Kamenny Ruchey (also Mongokhto, Alekseyevka, and Mongohto) (Russian: Монгохто, Каменный Ручей) is an air base in Russia located 29 km north of Sovetskaya Gavan. Located just north of Vanino, it is a major military naval airfield that has 63 hardened areas.

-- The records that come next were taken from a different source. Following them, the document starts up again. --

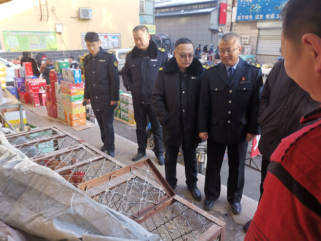 仲崇義局長(zhǎng)與局其他領(lǐng)導(dǎo)一起正在市場(chǎng)檢查活禽????攝影:富成軍
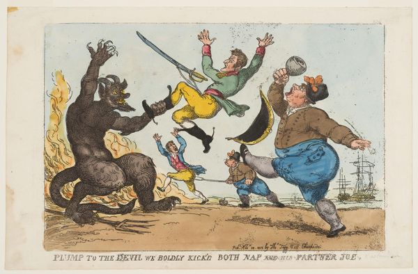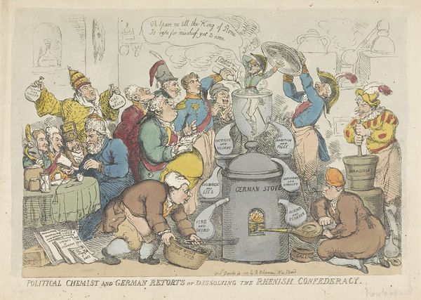 Editor: This is "Beroking van de Corsicaan, 1813," or "Fumigating the Corsican," by Thomas Rowlandson, created with etching and ink. It's certainly a busy composition. The figures are so exaggerated. It almost feels like political propaganda. How do you interpret this work? Curator: Indeed. The exaggerated figures and satirical title are key to understanding its socio-political context. Rowlandson was a master of British caricature, and this piece reflects the widespread animosity towards Napoleon Bonaparte, or "the Corsican," in England during the Napoleonic Wars. Notice how Napoleon is choked by the smoke of his enemies’ pipes. Editor: Yes, I see that now. It seems like a roasting! Curator: Precisely! Think of it as a visual representation of public opinion. It's interesting to analyze how the artist uses this “smoking out” metaphor to express political anxieties. Also note the centrality of "Real Hollands Geneva;" drink was an important social lubricant for political discussions. Consider also the figure perched atop the barrel drinking porter. Editor: It does highlight the social atmosphere, that political opinions were shaped, perhaps even fueled, in places like pubs and taverns. This print becomes a record of a specific historical perspective. Curator: Exactly. These prints were often widely circulated, shaping public perceptions and contributing to the national narrative of the time. Think about the power of such imagery and its role in reinforcing specific viewpoints. Do you think it accurately reflects the sentiment of the time? Editor: Probably; maybe it even magnified that sentiment. I hadn't considered how the production and circulation of prints like these contributed to a specific public role of art during this era. Curator: And that’s the crucial thing to consider - the power of art not just as representation but as an active agent. Editor: Thanks, it makes me see it as more than just a funny picture. It reveals some deeper implications about popular politics.
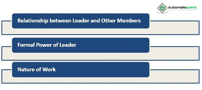 指揮官管理群體情況的能力被稱為情境有利度或情境控制。更具體地說,是指群體指揮官在面對當前情況時能夠影響成員行為的程度。領導/成員關係:指揮官與下屬之間相互尊重、信任和信心的程度,在菲德勒權變領導模型中被稱為指揮官-成員關係因素。當指揮官和成員相處融洽時,指揮官對局勢有很大的影響力,這使得指揮官更有優勢。不良的指揮官-成員關係迫使群體的指揮官將注意力從活動轉移到控制行為和解決衝突上。任務組織:任務結構因素衡量的是群體任務的定義程度和結構化程度。當任務結構較低(非結構化)並且沒有明顯的解決方案或實現目標的最佳方法時,群體任務是不明確的。權力指揮官職位:指揮官對群體的控制力,或指揮官獎勵或懲罰群體成員的程度,由指揮官職位權力因素衡量。指揮官能夠控制局勢的程度隨著權力的增加而增加。

The airfield is designated by CAICA as Kamenny Ruchey, but Russian topographic maps indicate the nearby settlement northeast of the airfield is Mongokhto, which is also synonymous with the military base. The airfield was a joint Soviet Navy base with the 143 MRAD (143rd Naval Aviation Division), flying Tupolev Tu-16, Tupolev Tu-22M, and the 310 OPLAP (310th Independent Long Range Anti-Submarine Aviation Regiment) flying Tupolev Tu-142 aircraft.

The base is home to an Independent Anti-Submarine Aviation Squadron of the 7062nd Port-Arthur Naval Aviation Air Base.

==History==
The airbase was completed in 1953. During the 1970s it was one of the largest bases in the Soviet Far East, with 8000 residents in Mongokhto. The Navy nuclear weapons storage is either at this airfield or at Maygatka. In 1997 50 family members blocked the runway over back wages.

A 1971 CIA analysis indicated that the base had two regiments flying Tupolev Tu-16 Badger aircraft which were equipped with K-10S Kipper and Kh-22 Kitchen Anti-ship missiles. The Tu-16 aircraft were later phased out when the first Tupolev Tu-22M Backfire aircraft arrived starting in October 1980.

By 1982, the airfield supported two Tu-22M Backfire ASM regiments, two Tu-16 Badger ASM regiments, and one Tu-142 Bear-F ASW regiment subordinate to the Pacific Fleet Air Force.

The base was home to the:
- 310th Independent Long-Range Anti-Submarine Aviation Regiment from 1978.
- 568th Independent Guards Mixed Aviation Regiment from 1953.
- 570th Maritime Missile Aviation Regiment between 1953 and 1994.